REQUIRED ACTION:
Only the lines from the start of the data through the line containing "12月5日,黑龙江黑河嫩江市" should be written out, exactly as they are, with both ends included and the pictures left out.

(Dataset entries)
++++++++++
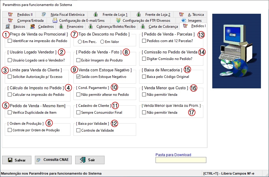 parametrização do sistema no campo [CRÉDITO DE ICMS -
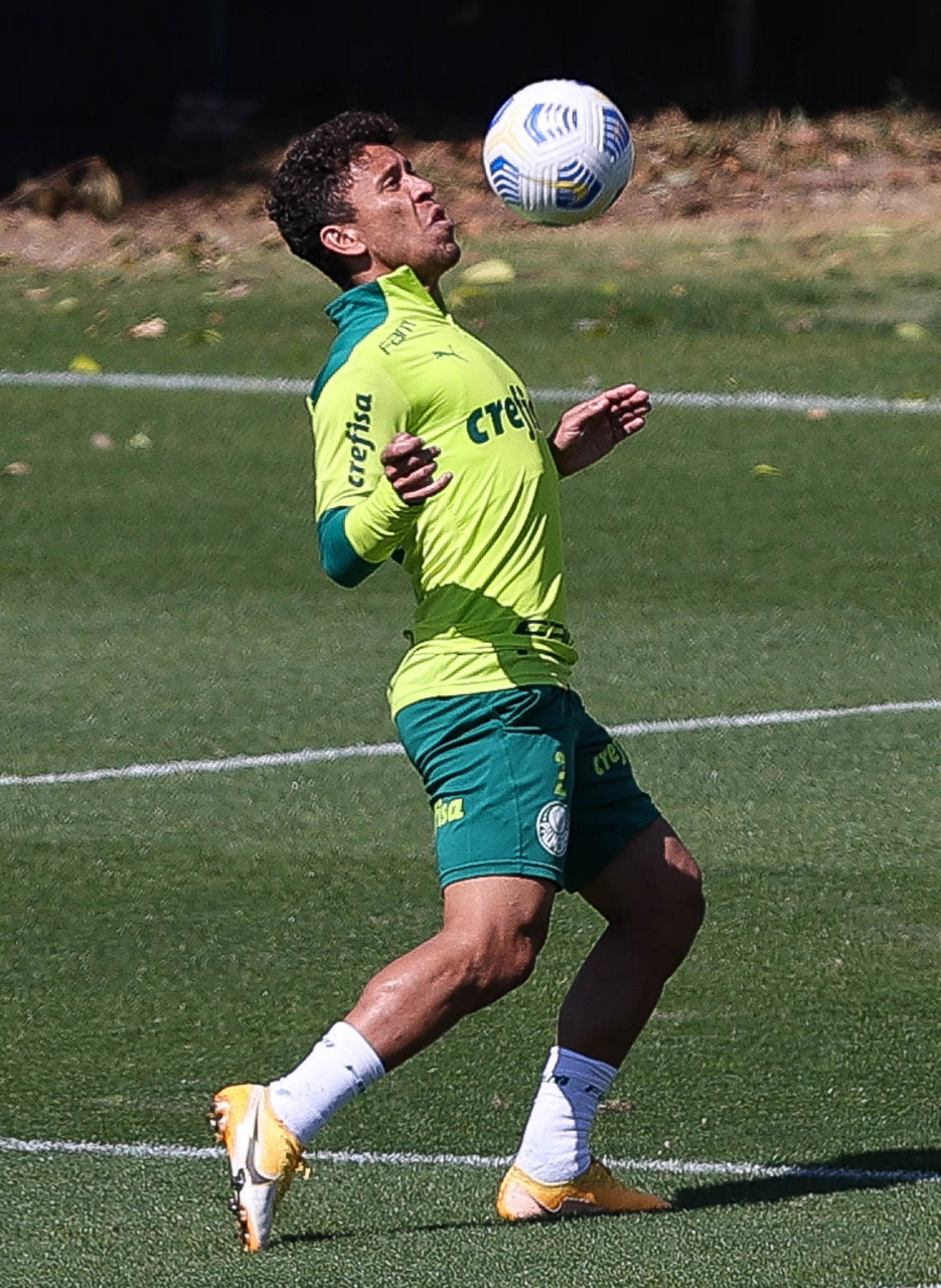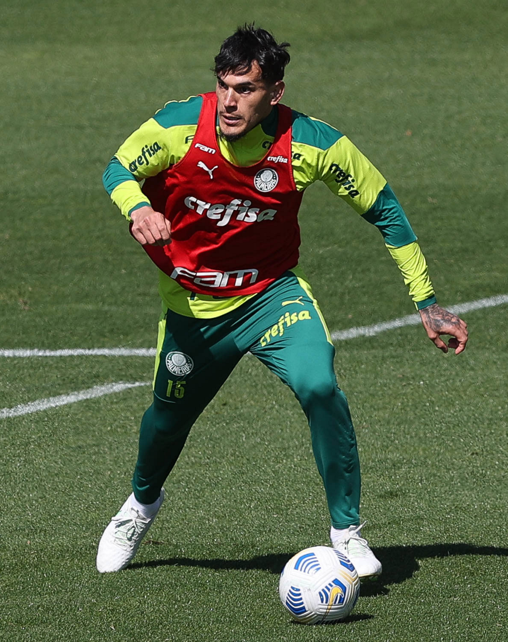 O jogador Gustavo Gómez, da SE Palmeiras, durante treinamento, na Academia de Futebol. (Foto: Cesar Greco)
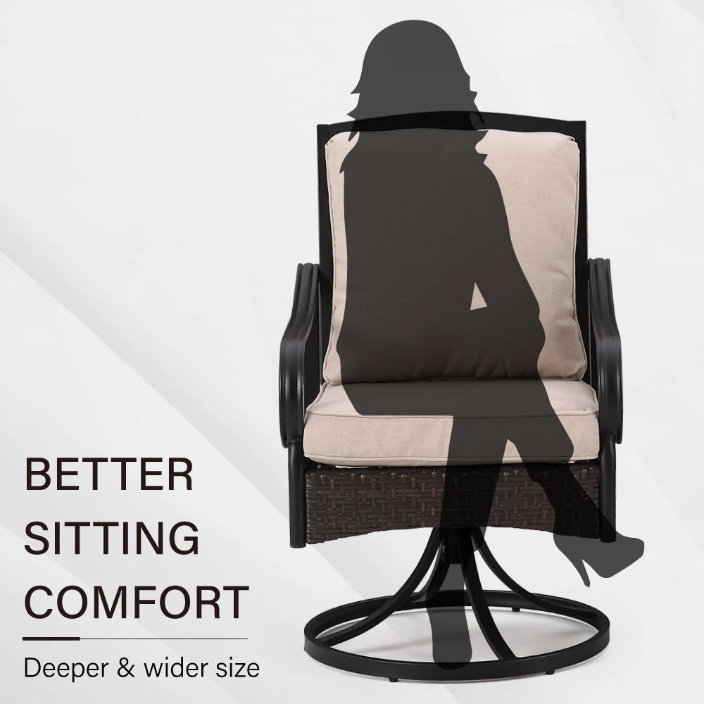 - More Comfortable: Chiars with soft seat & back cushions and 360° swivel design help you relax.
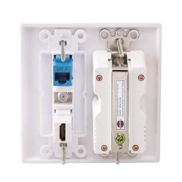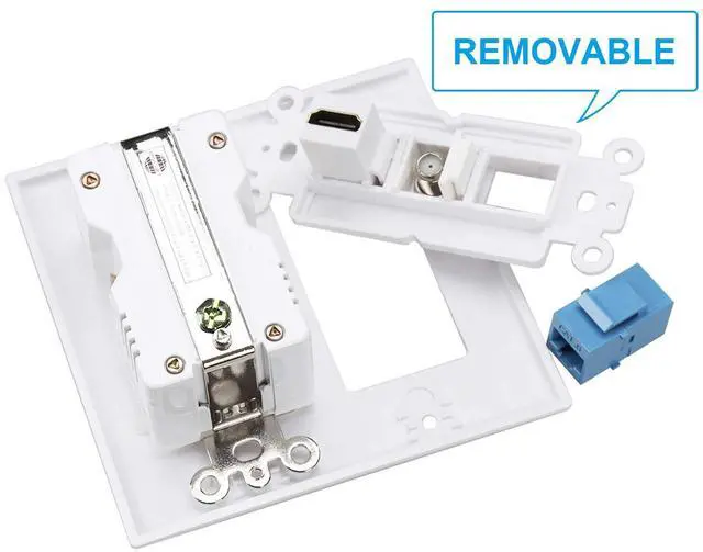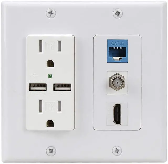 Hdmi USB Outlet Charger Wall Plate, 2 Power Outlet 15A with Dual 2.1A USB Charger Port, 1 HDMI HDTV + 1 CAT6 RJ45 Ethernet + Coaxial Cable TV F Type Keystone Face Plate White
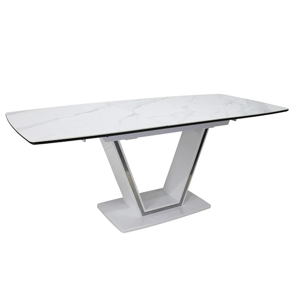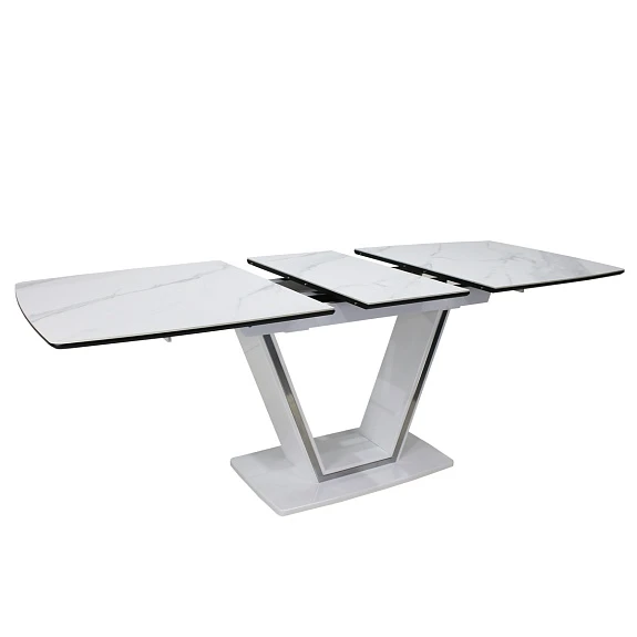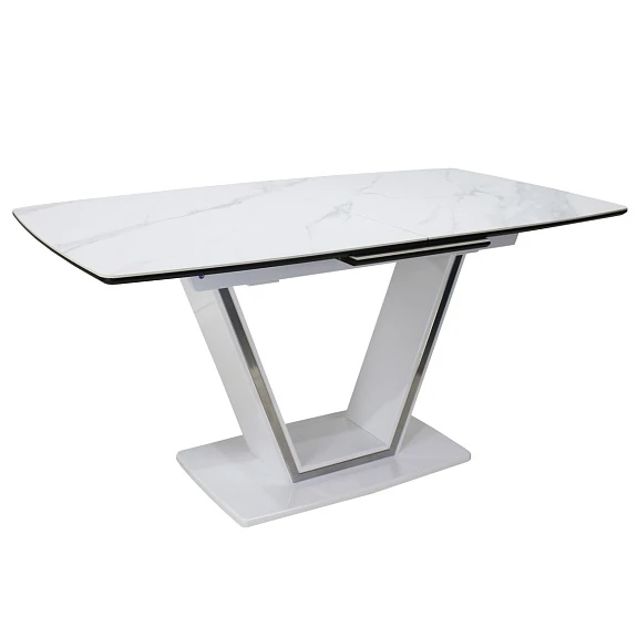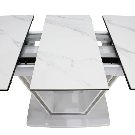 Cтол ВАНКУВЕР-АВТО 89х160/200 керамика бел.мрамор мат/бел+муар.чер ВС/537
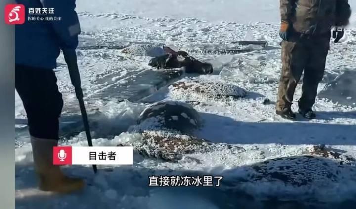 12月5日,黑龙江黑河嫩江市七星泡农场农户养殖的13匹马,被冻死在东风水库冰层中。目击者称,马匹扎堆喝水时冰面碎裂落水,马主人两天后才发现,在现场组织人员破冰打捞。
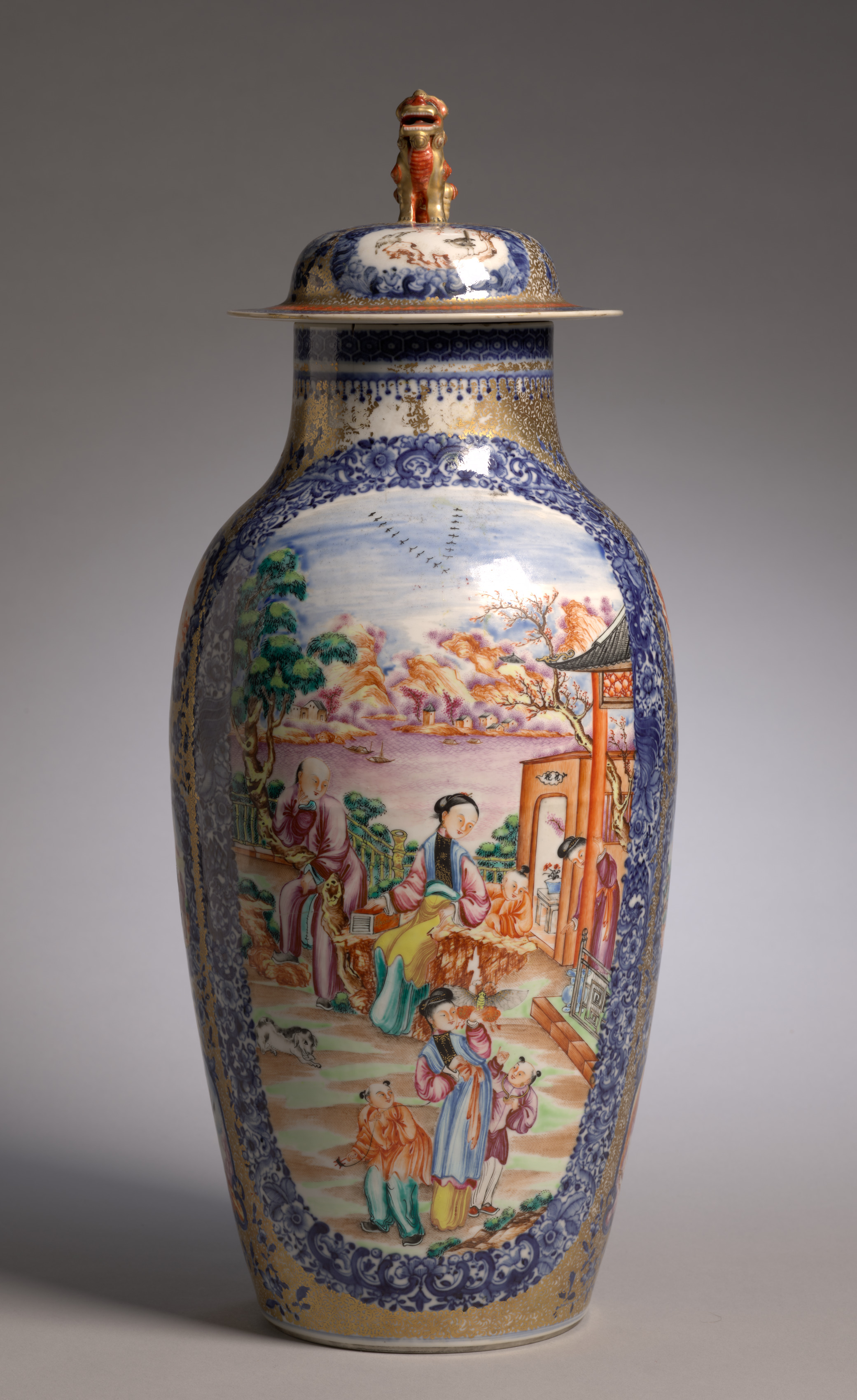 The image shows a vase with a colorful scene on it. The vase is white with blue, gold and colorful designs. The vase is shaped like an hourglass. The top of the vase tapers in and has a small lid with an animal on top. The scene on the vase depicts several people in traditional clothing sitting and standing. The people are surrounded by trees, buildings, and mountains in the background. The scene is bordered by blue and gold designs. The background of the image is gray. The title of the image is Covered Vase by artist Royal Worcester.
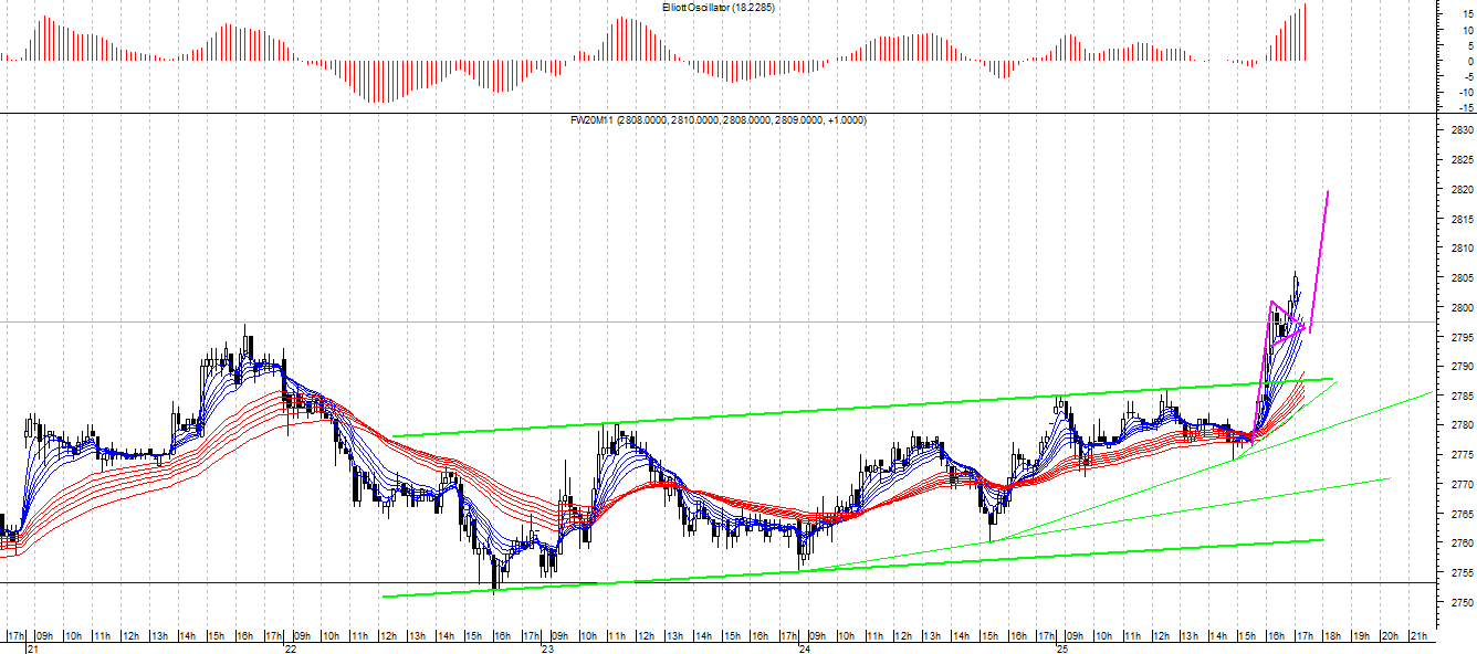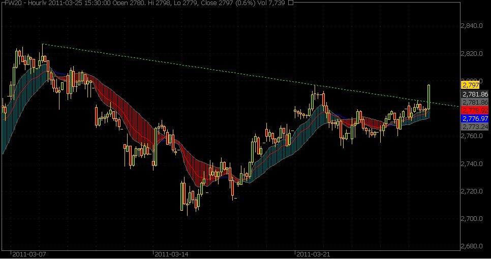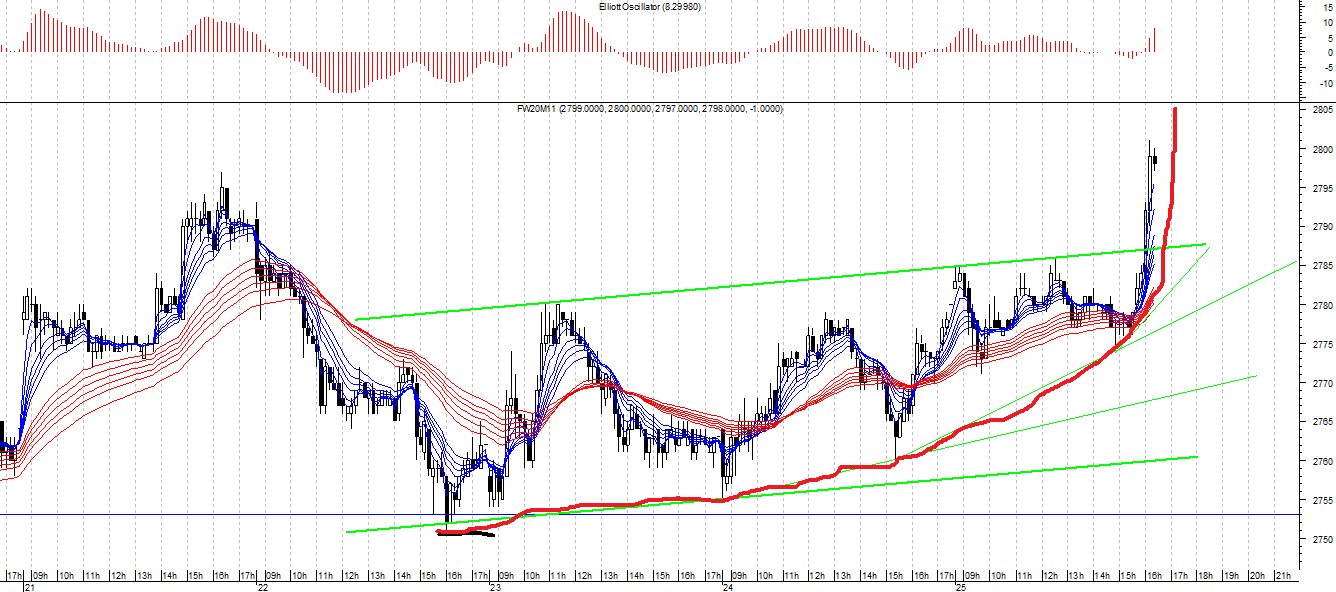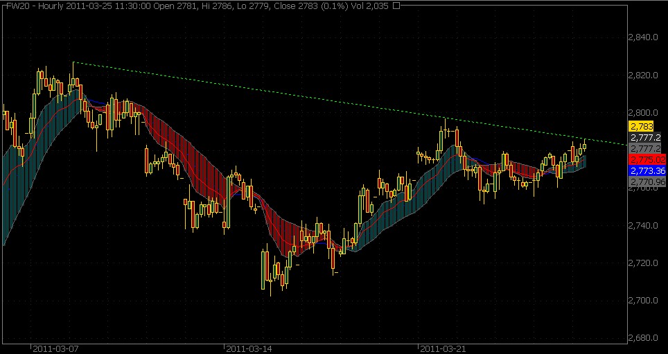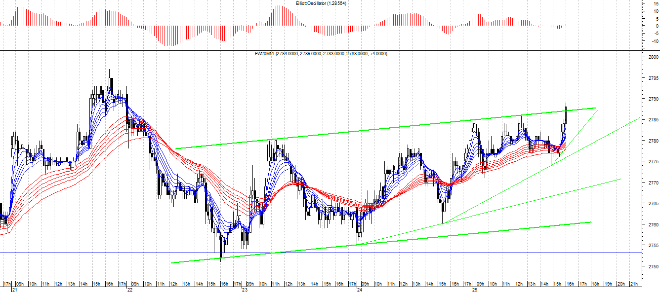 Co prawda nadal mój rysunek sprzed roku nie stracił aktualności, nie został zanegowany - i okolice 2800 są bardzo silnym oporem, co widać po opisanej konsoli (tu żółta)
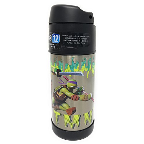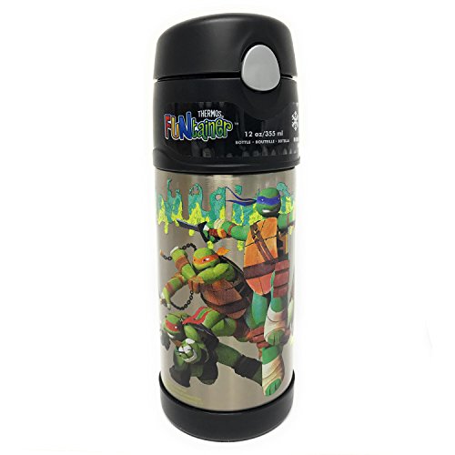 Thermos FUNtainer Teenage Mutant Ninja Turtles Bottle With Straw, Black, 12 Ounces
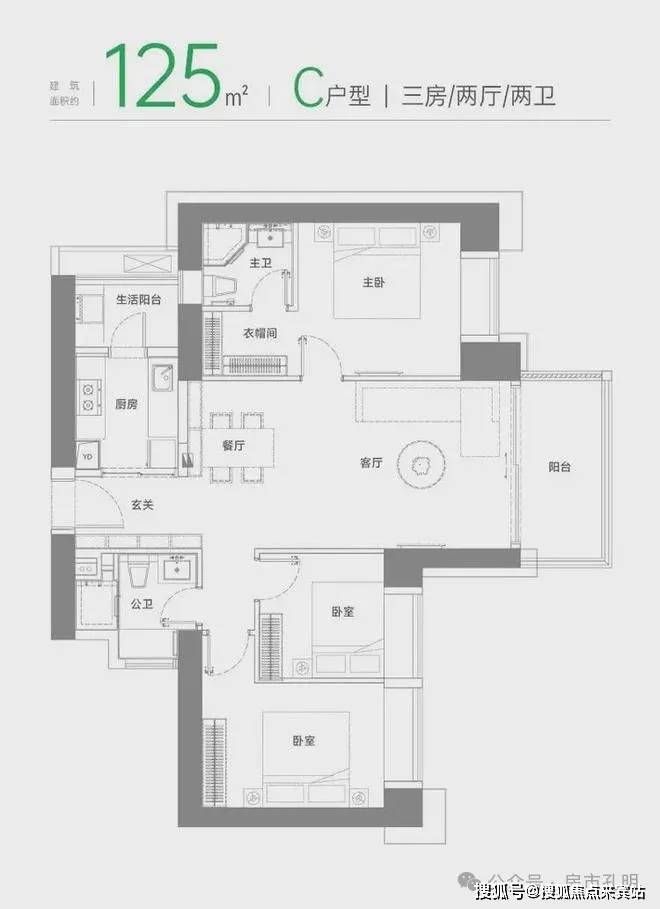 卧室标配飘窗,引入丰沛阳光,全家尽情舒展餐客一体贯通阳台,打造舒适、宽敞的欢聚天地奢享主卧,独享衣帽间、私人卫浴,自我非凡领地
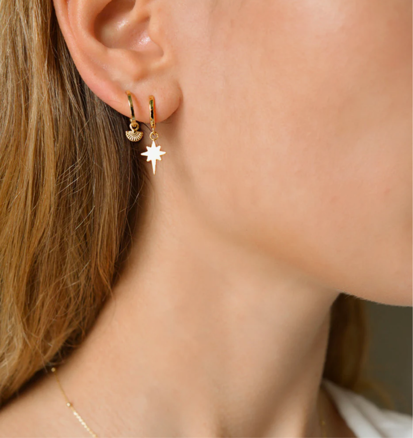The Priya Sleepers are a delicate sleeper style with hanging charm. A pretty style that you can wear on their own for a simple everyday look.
++++++++++
TASK ANSWER:
 parametrização do sistema no campo [CRÉDITO DE ICMS -
 O jogador Gustavo Gómez, da SE Palmeiras, durante treinamento, na Academia de Futebol. (Foto: Cesar Greco)
 - More Comfortable: Chiars with soft seat & back cushions and 360° swivel design help you relax.
 Hdmi USB Outlet Charger Wall Plate, 2 Power Outlet 15A with Dual 2.1A USB Charger Port, 1 HDMI HDTV + 1 CAT6 RJ45 Ethernet + Coaxial Cable TV F Type Keystone Face Plate White
 Cтол ВАНКУВЕР-АВТО 89х160/200 керамика бел.мрамор мат/бел+муар.чер ВС/537
 12月5日,黑龙江黑河嫩江市七星泡农场农户养殖的13匹马,被冻死在东风水库冰层中。目击者称,马匹扎堆喝水时冰面碎裂落水,马主人两天后才发现,在现场组织人员破冰打捞。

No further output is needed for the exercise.